В. С. Соловьев и Л. М. Лопатин



 

Л. М. Лопатин ошибается в своем предположении, будто я был "взволнован" его критическими статьями о моей книге. Я мог бы быть взволнован какими-либо недопустимыми нападками личного свойства; но самая их возможность устраняется категорическим заявлением моего критика в последней его статье: "я нисколько не сомневаюсь, что князь Трубецкой всегда питал к Соловьеву самые теплые дружеские чувства, что идеи Соловьева оказали на него неотразимое и весьма прочное влияние и что разрыв с взглядами Соловьева составил глубокий кризис в его духовной жизни". ("Вопр. фил.", кн. 123, стр. 497).

Оставляя в стороне неточное выражение "разрыв" (на самом деле никакого разрыва у меня с Соловьевым не было), я с удовольствием отмечаю, что этими словами устраняется многое, что могло подавать повод к недоразумениям в предшествующих статьях Л. М. Лопатина. Раз его критика не касается моего личного отношения к Соловьеву, я могу относиться к ней тем более спокойно, что и к моей книге она не имеет ровно никакого отношения.

Если бы кто-либо из критиков Л. М. Лопатина, разбирая его произведения, вынес ему суровый приговор как материалисту или эмпирику, Л. М. едва ли был бы этим взволнован: он просто-напросто предложил бы такому критику -- познакомиться с его произведениями.
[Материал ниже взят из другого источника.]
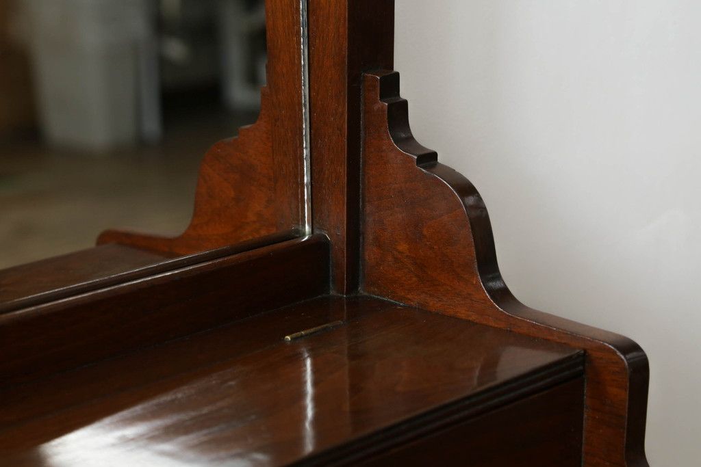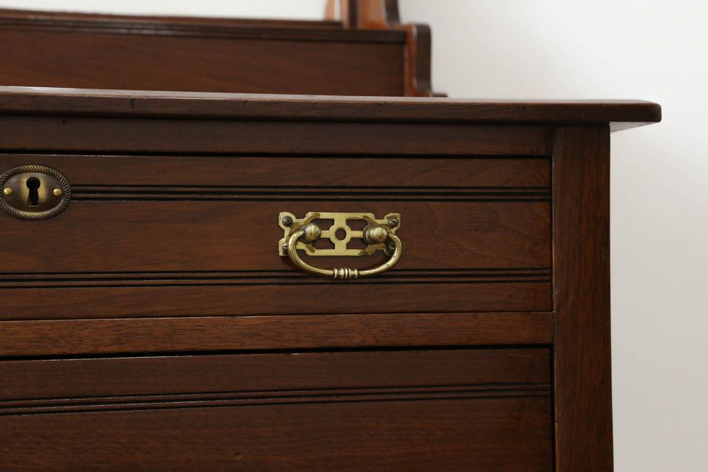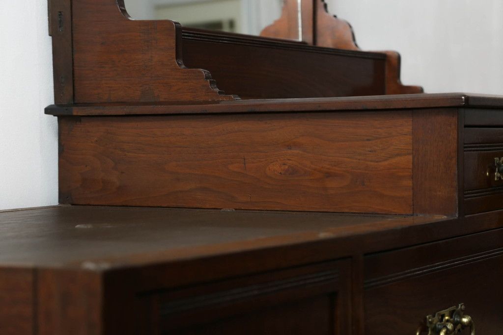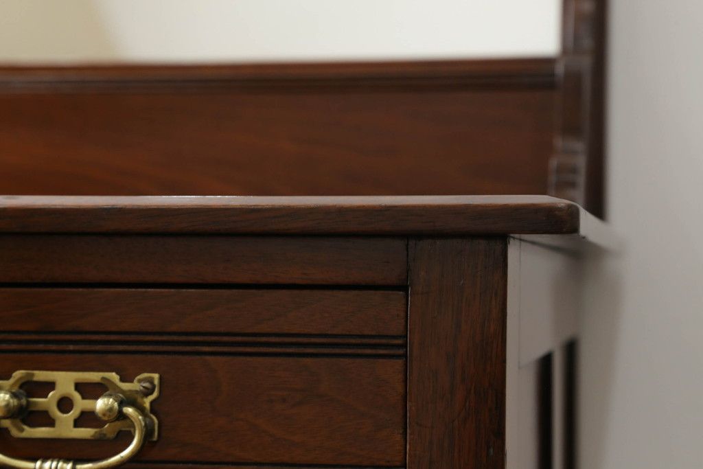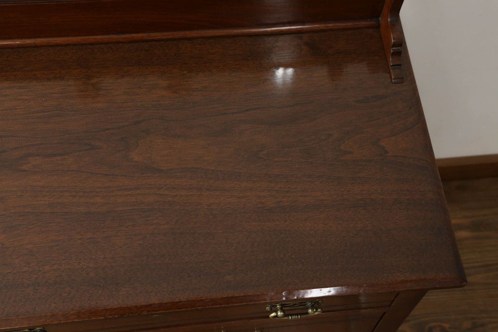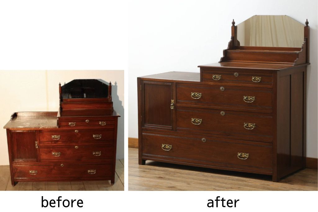 ウォッシュスタンドを綺麗に再生!高品質リペアを施し、背面・大理石天板下・引き出しの前板以外を新材に交換し、本体に合わせた着色仕上げ。
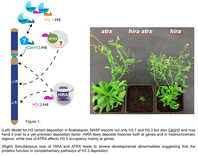 We showed that the histone chaperone HISTONE REGULATOR A (HIRA) and the Arabidopsis homologue of ALPHA THALASSEMIA-MENTAL RETARDATION X-LINKED (ATRX) function in complementary pathways of histone H3.3 deposition (Figure 1, Duc, 2015; 2017). We are currently aiming to understand the role of HIRA-mediated histone deposition in controlling transcriptional dynamics in response to environmental and developmental stimuli.
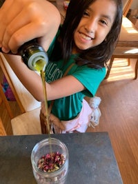 Our first young herbalist in training, 4th grade student Jaz, crafted an infusion of calendula & olive to soothe growing pains!
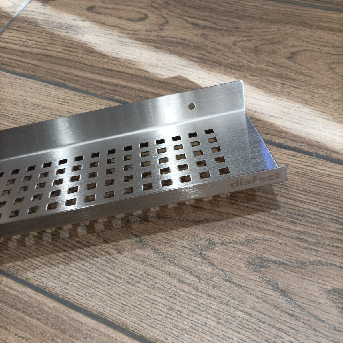 Нержавіюча сталь гармонійно поєднується з плиткою, склом, деревом або бетоном. Поличка чудово доповнює інтер’єри в стилі лофт, сканди чи хай-тек, і так само доречно виглядає в класичних ванних — завдяки стриманій елегантності.
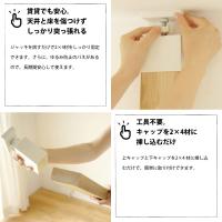 | ご使用に関して | ・この商品は屋内用です。 ・この商品は市販の2×4材(38×89mm)に装着することでねじ・釘を使わず柱を床と天井に突っ張ることを目的とした商品です。 ・天井の高さから95mm短い2×4材を用意してください。 ・下地のしっかりした場所に設置してください。下地の弱い所に設置すると転倒の原因となったり、天井を破損したりする恐れがあります。 ・傾斜した天井、床面には設置しないでください。転倒の原因になります。 ・床と垂直に設置してください。斜めに設置すると、転倒の原因になります。 ・この商品は一般家庭の天井の高さを想定した商品です。 ・この商品は縦突っ張り専用です。横向きには使用しないでください。 |
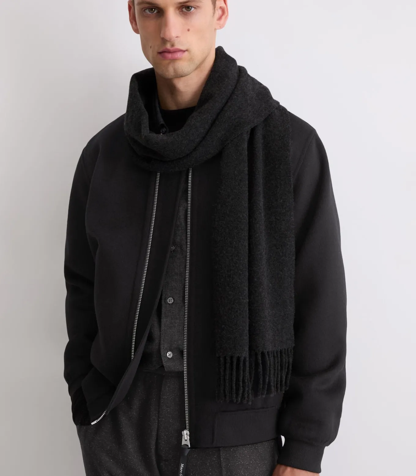 Deze sjaal van zachte schapenwol biedt behaaglijke warmte en een hoog draagcomfort dankzij de dichtgeweven structuur. De fijne franjes aan de uiteinden zorgen voor een subtiel accent. Hij is verkrijgbaar in klassiek zwart, grijs en andere kleuren en kan op verschillende manieren worden gecombineerd.
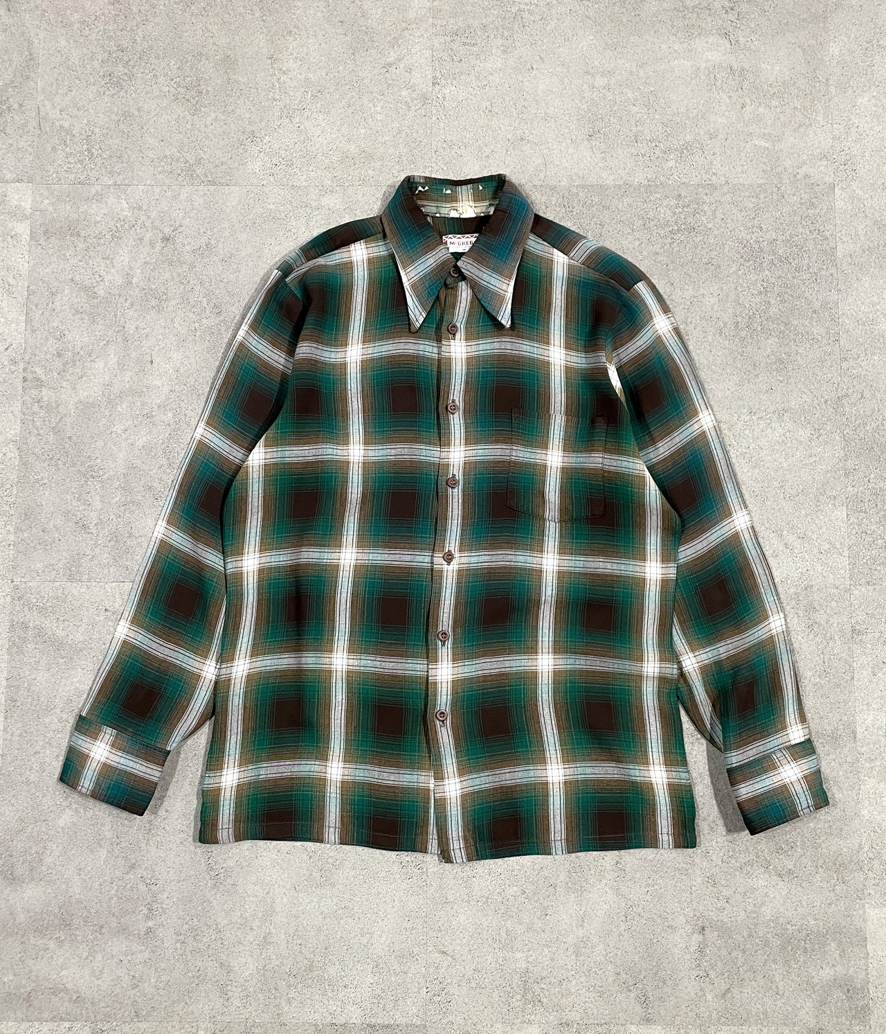 60~70年代に制作されたレーヨンのオンブレチェックシャツです。
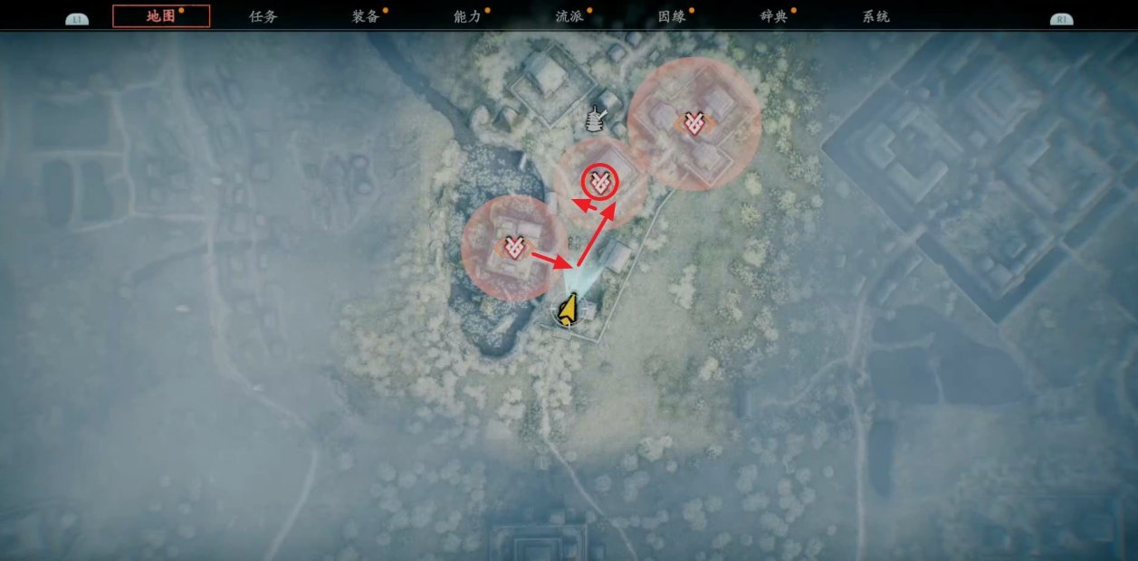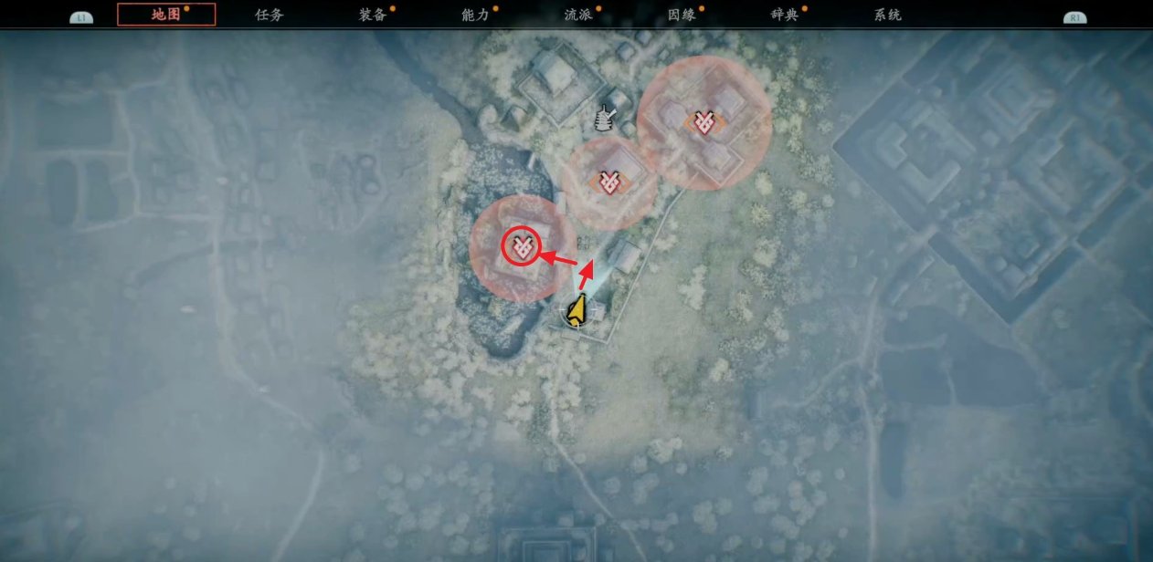 随后查看地图确认刚出现的目标地点,按照下图路线走。

Моя первая полемическая статья в ответ Л. М. Лопатину, -- в сущности заключала в себе именно этот совет, выраженный в деликатной форме. Теперь, после того как он написал о моей книге целых три статьи в сто тридцать страниц, совет этот является несколько запоздалым, и мне придется говорить лишь о последствиях его неисполнения.

Я не хочу этим сказать, что мой критик не прочитал моей книги. Кое-что он в ней несомненно прочел; я не берусь судить, прочел ли он всю книгу или только отдельные, случайно избранные им главы и страницы. Но в данном случае это не имеет значения: он знает и помнит из моего "Миросозерцания Соловьева" во всяком случае только отдельные выдержки. Целое, как я уже имел случай об этом говорить, остается совершенно вне его поля зрения. Мы сейчас увидим, как это отзывается на его критике.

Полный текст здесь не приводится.